__What you should do__
Starting at the line containing "Για Samsung Galaxy" and ending at the line containing "Elevate your holiday", print every line of the material below exactly, both ends included, and stop there.

#### Task input ####

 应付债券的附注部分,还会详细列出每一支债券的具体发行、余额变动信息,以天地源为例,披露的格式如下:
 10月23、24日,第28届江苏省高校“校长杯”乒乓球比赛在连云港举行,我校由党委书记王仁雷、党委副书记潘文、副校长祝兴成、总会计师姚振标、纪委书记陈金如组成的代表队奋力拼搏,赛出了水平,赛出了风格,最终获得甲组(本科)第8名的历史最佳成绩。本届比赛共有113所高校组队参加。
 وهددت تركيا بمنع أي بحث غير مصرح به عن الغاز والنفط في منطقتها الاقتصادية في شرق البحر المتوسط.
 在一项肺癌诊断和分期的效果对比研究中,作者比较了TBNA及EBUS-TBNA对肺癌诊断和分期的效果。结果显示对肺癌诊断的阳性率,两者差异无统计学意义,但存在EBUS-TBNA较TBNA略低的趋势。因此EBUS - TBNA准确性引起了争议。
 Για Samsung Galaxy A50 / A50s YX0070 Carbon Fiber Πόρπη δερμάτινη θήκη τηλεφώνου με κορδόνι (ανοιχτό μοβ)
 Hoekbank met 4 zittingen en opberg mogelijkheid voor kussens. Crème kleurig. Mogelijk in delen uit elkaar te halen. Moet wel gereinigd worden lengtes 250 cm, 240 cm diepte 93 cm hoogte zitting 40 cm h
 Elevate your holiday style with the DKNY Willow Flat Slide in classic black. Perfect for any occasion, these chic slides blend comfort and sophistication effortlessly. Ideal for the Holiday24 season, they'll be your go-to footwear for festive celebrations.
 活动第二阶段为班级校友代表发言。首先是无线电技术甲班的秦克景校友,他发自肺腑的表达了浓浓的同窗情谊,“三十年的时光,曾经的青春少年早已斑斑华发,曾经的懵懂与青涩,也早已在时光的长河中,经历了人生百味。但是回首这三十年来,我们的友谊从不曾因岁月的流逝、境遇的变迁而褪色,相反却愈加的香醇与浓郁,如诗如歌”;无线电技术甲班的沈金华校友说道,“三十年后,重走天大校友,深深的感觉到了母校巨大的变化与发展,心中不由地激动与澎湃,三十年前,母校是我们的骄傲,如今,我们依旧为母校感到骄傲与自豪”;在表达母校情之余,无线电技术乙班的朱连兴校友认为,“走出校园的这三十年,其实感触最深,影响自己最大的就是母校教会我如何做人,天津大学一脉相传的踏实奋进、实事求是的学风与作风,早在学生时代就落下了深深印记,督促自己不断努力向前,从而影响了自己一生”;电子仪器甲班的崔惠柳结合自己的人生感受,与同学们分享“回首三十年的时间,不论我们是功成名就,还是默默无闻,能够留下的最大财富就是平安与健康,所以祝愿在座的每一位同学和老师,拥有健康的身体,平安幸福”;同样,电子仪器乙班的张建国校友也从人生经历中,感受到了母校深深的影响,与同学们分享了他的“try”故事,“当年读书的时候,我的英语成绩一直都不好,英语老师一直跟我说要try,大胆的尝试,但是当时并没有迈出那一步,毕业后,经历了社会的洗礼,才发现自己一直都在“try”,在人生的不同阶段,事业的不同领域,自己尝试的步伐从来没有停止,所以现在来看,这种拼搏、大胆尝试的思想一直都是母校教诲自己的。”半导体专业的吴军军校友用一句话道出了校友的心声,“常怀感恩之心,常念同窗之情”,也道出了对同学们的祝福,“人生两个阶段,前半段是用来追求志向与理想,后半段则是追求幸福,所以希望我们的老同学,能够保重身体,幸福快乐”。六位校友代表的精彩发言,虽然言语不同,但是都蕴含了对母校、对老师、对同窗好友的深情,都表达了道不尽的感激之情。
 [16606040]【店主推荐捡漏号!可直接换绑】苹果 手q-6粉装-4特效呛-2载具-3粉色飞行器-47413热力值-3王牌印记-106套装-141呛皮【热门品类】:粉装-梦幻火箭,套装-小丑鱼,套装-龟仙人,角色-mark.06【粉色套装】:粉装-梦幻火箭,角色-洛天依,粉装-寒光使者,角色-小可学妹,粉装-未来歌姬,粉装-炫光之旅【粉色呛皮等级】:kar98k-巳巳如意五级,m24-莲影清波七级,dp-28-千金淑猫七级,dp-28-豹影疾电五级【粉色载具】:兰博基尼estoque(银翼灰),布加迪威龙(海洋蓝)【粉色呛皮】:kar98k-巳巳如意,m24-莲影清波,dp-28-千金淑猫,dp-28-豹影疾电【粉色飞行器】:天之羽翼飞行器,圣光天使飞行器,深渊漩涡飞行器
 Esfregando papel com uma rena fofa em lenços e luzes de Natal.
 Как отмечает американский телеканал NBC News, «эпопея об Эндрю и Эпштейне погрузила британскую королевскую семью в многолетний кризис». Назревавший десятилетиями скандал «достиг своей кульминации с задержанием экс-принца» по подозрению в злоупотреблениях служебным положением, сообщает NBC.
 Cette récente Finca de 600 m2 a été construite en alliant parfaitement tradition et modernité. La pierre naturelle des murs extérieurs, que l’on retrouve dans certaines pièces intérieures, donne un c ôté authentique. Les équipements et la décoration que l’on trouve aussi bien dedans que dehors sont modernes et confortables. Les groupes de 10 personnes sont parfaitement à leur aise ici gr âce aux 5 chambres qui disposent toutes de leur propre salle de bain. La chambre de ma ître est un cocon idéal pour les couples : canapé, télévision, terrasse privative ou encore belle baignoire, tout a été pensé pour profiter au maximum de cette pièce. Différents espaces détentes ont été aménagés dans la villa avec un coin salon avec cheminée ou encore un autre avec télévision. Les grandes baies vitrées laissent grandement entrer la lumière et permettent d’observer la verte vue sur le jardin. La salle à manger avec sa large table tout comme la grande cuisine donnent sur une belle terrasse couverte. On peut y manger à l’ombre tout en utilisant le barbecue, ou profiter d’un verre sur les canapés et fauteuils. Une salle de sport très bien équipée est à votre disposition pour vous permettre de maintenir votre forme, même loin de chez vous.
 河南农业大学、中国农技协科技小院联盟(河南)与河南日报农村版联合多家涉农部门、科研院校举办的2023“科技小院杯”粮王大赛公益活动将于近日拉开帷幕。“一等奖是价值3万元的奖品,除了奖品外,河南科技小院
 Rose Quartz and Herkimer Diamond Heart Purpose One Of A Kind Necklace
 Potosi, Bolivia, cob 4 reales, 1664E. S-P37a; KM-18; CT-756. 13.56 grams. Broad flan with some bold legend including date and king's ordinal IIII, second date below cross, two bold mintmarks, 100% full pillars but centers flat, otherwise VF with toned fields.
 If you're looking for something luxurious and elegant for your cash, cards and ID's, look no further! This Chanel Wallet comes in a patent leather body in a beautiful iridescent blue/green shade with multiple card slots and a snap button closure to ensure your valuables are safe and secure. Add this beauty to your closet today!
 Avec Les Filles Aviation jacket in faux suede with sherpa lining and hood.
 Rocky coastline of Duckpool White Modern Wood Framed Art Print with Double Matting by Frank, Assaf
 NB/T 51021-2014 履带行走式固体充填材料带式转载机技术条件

####

__Answer to this problem__
 Για Samsung Galaxy A50 / A50s YX0070 Carbon Fiber Πόρπη δερμάτινη θήκη τηλεφώνου με κορδόνι (ανοιχτό μοβ)
 Hoekbank met 4 zittingen en opberg mogelijkheid voor kussens. Crème kleurig. Mogelijk in delen uit elkaar te halen. Moet wel gereinigd worden lengtes 250 cm, 240 cm diepte 93 cm hoogte zitting 40 cm h
 Elevate your holiday style with the DKNY Willow Flat Slide in classic black. Perfect for any occasion, these chic slides blend comfort and sophistication effortlessly. Ideal for the Holiday24 season, they'll be your go-to footwear for festive celebrations.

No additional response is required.